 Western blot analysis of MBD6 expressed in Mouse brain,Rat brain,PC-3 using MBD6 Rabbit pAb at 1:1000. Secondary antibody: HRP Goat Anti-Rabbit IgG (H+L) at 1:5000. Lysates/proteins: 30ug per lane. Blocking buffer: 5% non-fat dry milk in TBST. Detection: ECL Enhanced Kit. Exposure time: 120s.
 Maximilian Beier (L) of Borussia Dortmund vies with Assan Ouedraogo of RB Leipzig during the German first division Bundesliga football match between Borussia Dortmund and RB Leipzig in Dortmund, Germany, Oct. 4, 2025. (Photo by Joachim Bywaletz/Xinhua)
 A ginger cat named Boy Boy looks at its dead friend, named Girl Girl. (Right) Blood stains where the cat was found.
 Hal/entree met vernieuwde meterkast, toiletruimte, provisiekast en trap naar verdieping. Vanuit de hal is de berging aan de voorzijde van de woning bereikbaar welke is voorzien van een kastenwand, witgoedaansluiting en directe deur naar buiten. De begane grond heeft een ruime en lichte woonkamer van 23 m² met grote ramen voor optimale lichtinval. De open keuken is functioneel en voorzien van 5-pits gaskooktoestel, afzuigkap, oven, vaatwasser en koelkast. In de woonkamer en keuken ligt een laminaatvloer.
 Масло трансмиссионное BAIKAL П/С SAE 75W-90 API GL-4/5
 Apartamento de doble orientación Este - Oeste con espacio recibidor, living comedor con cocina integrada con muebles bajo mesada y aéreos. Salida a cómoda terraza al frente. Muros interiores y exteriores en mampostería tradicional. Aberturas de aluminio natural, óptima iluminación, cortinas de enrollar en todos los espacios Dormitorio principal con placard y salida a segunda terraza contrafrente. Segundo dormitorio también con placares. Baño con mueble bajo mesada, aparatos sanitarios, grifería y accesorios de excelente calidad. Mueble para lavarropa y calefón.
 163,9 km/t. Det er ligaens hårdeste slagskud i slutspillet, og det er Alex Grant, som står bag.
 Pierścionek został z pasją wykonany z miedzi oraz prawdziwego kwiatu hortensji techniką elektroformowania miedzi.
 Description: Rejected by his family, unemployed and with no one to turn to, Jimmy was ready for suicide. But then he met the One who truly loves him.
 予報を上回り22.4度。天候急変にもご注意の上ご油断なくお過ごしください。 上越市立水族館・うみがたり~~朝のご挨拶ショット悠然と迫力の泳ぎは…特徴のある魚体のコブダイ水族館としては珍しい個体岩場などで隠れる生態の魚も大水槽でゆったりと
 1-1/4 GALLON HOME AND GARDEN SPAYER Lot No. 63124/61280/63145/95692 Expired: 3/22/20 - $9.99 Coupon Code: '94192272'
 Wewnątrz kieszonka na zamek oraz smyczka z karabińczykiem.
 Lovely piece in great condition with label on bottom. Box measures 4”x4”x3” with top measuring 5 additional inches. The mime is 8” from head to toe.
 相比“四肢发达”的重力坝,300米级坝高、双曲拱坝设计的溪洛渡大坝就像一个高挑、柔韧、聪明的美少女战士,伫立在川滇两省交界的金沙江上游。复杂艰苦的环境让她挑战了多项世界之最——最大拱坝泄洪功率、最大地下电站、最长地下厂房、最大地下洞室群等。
------------
» **Activity**
The records are to be repeated in full, exactly as they stand.

» **Written response**
 Western blot analysis of MBD6 expressed in Mouse brain,Rat brain,PC-3 using MBD6 Rabbit pAb at 1:1000. Secondary antibody: HRP Goat Anti-Rabbit IgG (H+L) at 1:5000. Lysates/proteins: 30ug per lane. Blocking buffer: 5% non-fat dry milk in TBST. Detection: ECL Enhanced Kit. Exposure time: 120s.
 Maximilian Beier (L) of Borussia Dortmund vies with Assan Ouedraogo of RB Leipzig during the German first division Bundesliga football match between Borussia Dortmund and RB Leipzig in Dortmund, Germany, Oct. 4, 2025. (Photo by Joachim Bywaletz/Xinhua)
 A ginger cat named Boy Boy looks at its dead friend, named Girl Girl. (Right) Blood stains where the cat was found.
 Hal/entree met vernieuwde meterkast, toiletruimte, provisiekast en trap naar verdieping. Vanuit de hal is de berging aan de voorzijde van de woning bereikbaar welke is voorzien van een kastenwand, witgoedaansluiting en directe deur naar buiten. De begane grond heeft een ruime en lichte woonkamer van 23 m² met grote ramen voor optimale lichtinval. De open keuken is functioneel en voorzien van 5-pits gaskooktoestel, afzuigkap, oven, vaatwasser en koelkast. In de woonkamer en keuken ligt een laminaatvloer.
 Масло трансмиссионное BAIKAL П/С SAE 75W-90 API GL-4/5
 Apartamento de doble orientación Este - Oeste con espacio recibidor, living comedor con cocina integrada con muebles bajo mesada y aéreos. Salida a cómoda terraza al frente. Muros interiores y exteriores en mampostería tradicional. Aberturas de aluminio natural, óptima iluminación, cortinas de enrollar en todos los espacios Dormitorio principal con placard y salida a segunda terraza contrafrente. Segundo dormitorio también con placares. Baño con mueble bajo mesada, aparatos sanitarios, grifería y accesorios de excelente calidad. Mueble para lavarropa y calefón.
 163,9 km/t. Det er ligaens hårdeste slagskud i slutspillet, og det er Alex Grant, som står bag.
 Pierścionek został z pasją wykonany z miedzi oraz prawdziwego kwiatu hortensji techniką elektroformowania miedzi.
 Description: Rejected by his family, unemployed and with no one to turn to, Jimmy was ready for suicide. But then he met the One who truly loves him.
 予報を上回り22.4度。天候急変にもご注意の上ご油断なくお過ごしください。 上越市立水族館・うみがたり~~朝のご挨拶ショット悠然と迫力の泳ぎは…特徴のある魚体のコブダイ水族館としては珍しい個体岩場などで隠れる生態の魚も大水槽でゆったりと
 1-1/4 GALLON HOME AND GARDEN SPAYER Lot No. 63124/61280/63145/95692 Expired: 3/22/20 - $9.99 Coupon Code: '94192272'
 Wewnątrz kieszonka na zamek oraz smyczka z karabińczykiem.
 Lovely piece in great condition with label on bottom. Box measures 4”x4”x3” with top measuring 5 additional inches. The mime is 8” from head to toe.
 相比“四肢发达”的重力坝,300米级坝高、双曲拱坝设计的溪洛渡大坝就像一个高挑、柔韧、聪明的美少女战士,伫立在川滇两省交界的金沙江上游。复杂艰苦的环境让她挑战了多项世界之最——最大拱坝泄洪功率、最大地下电站、最长地下厂房、最大地下洞室群等。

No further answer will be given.